Enes, Sibela und Helin (v.l.) fühlen sich im Autohof sichtlich wohl – obwohl sie aus ihren Heimatländern flüchten mussten. Foto: Caroline Leibfritz

Die Flüchtlinge, die im früheren Hotel Autohof in Wangen leben, haben teils traumatische Erlebnisse hinter sich. Nun wünschen sie sich Anschluss an die Gesellschaft.

Wangen - Strahlend nehmen Sibela, Helin und der kleine Enes die bunten Malstifte in die Hand, die sie von ihren Betreuerinnen bekommen haben. Die zehnjährige Sibela malt einen Baum, die siebenjährige Helin eine Sonne und der vierjährige Enes sein Lieblingstier – einen Löwen. Dass die drei Kinder so unbelastet spielen und lachen können, ist alles andere als selbstverständlich. Denn sie alle mussten gemeinsam mit ihren Familien aus ihren Heimatländern fliehen.

Jetzt sind sie im ehemaligen Hotel Autohof in Wangen untergebracht. Insgesamt 84 Flüchtlinge leben dort zur Zeit. Und die Geschichten, die sie zu erzählen haben, lassen einem schier das Blut in den Adern gefrieren.

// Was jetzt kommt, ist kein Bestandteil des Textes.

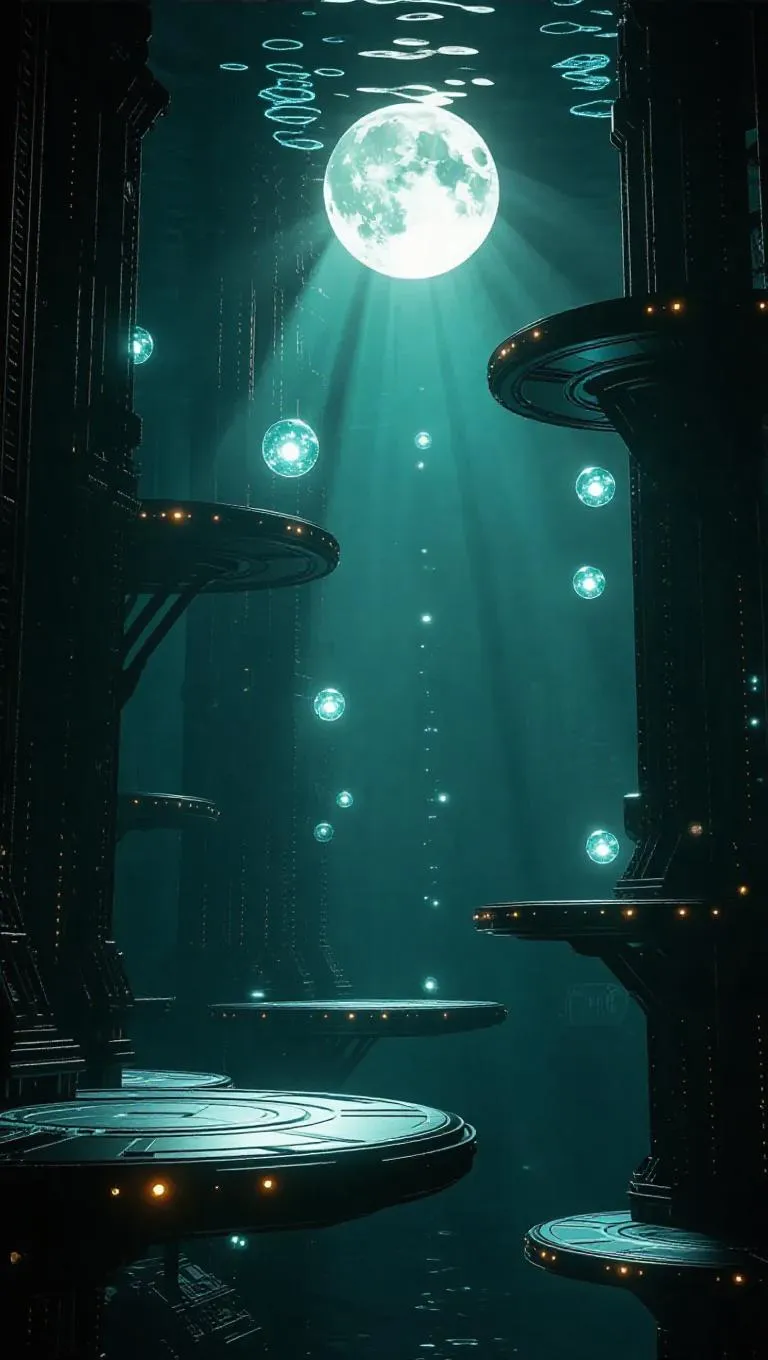 A futuristic scene underwater, showcasing floating platforms and advanced technology, rays of moonlight breaking through the surface, creating a mesmerizing play of light and shadow, enchanting lighting, highly detailed, surrounded by floating luminescent orbs.

Ein 40-jähriger Syrer – ein Jeside, der nicht namentlich in der Zeitung genannt werden möchte – erzählt, weshalb er aus Syrien flüchten musste. „Vor dem Krieg haben alle Religionen noch friedlich zusammengelebt“, sagt er. Dann habe sich alles verändert. „Wer nicht Moslem werden wollte, musste Schutzgeld bezahlen oder wurde geköpft. Deshalb sind wir geflohen.“

Der 40-Jährige musste Enthauptungsszenen mit ansehen

Enthauptungen seien in Syrien häufig gewesen, erzählt der Mann. Sogar ein Foto von abgetrennten Köpfen hat er mit nach Deutschland gebracht. „Sie haben auch einen guten Freund von mir ermordet, der Christ war, und ebenso dessen Kind“, sagt er unter Tränen. „Warum tun Menschen so etwas?“ Da er zur Zeit seiner Flucht nicht genug Geld hatte, nahm der 40-Jährige zunächst nur seinen Sohn mit nach Deutschland. 13 000 Euro, sagt er, habe er den Schleppern für die Überfahrt nach Europa bezahlen müssen. „Wir waren drei Tage lang auf einem Schiff – ohne Essen und Trinken“, erinnert er sich.

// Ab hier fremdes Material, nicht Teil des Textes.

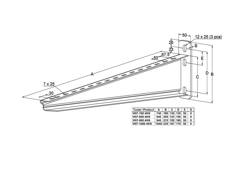 Seinäkannakkeella VKF kiinnitetään tikas-, levy- ja lankahyllyjä seinään, asennuskiskoihin AS, ASR, ASR-L ja ASR-P sekä kattokannakkeisiin HK1, HK2, TP2, TP2-L ja TP2-P.

Frau und Kinder warten noch auf die Ausreiseerlaubnis

Seit etwas mehr als anderthalb Jahren sind er und sein neunjähriger Sohn nun in Deutschland und lernen die Landessprache. Sobald er seinen Deutschkurs bestanden hat, will der 40-Jährige in Stuttgart in seinem gelernten Beruf als Automechaniker arbeiten. Seine Frau und seine beiden Töchter haben es immerhin bis in die Türkei geschafft. Dort warten sie nun auf ihre Ausreiseerlaubnis, um ebenfalls nach Stuttgart kommen zu können.

Menschliche Schicksale wie diese beschäftigen die Betreuerinnen der Autohof-Flüchtlinge tagtäglich. Margit Lutz und Ewa Kozyra von der Arbeitsgemeinschaft Dritte Welt (AGDW), die für die Betreuung der Flüchtlinge zuständig ist, unterstützen die Menschen, wo sie nur können. „Wir vermitteln die Flüchtlinge in Deutschkurse, helfen ihnen bei der Suche nach einem Studienplatz und unterstützen sie dabei, ihre Familien nach Deutschland zu holen“, sagt Margit Lutz. „Aber manchmal dauert es sehr lange bis die entsprechenden Anträge bewilligt sind und die Familien einreisen dürfen“, ergänzt ihre Kollegin Ewa Kozyra. Doch selbst wenn alles gut läuft und sich die Familien in Deutschland wiedersehen, heißt das noch lange nicht, dass sie auch gemeinsam leben dürfen. „Hier im Autohof sind die Plätze alle belegt“, erklärt Margit Lutz. Familien, die nach Stuttgart kommen, müssten sich also eigentlich an die Obdachlosenhilfe wenden – es sei denn, die Familie findet eine Wohnung. „Hier hoffen wir sehr auf die Bereitschaft der Stuttgarter Vermieter“, sagt Lutz. „Schließlich wird die Miete vom Jobcenter bezahlt, so lange die Menschen noch keinen Arbeitsplatz haben.“

Neben bezahlbarem Wohnraum und einem Job wünschen sich die Flüchtlinge vor allem eins: Anschluss an die Stuttgarter Gesellschaft zu finden, um sich auch in Deutschland heimisch fühlen zu können.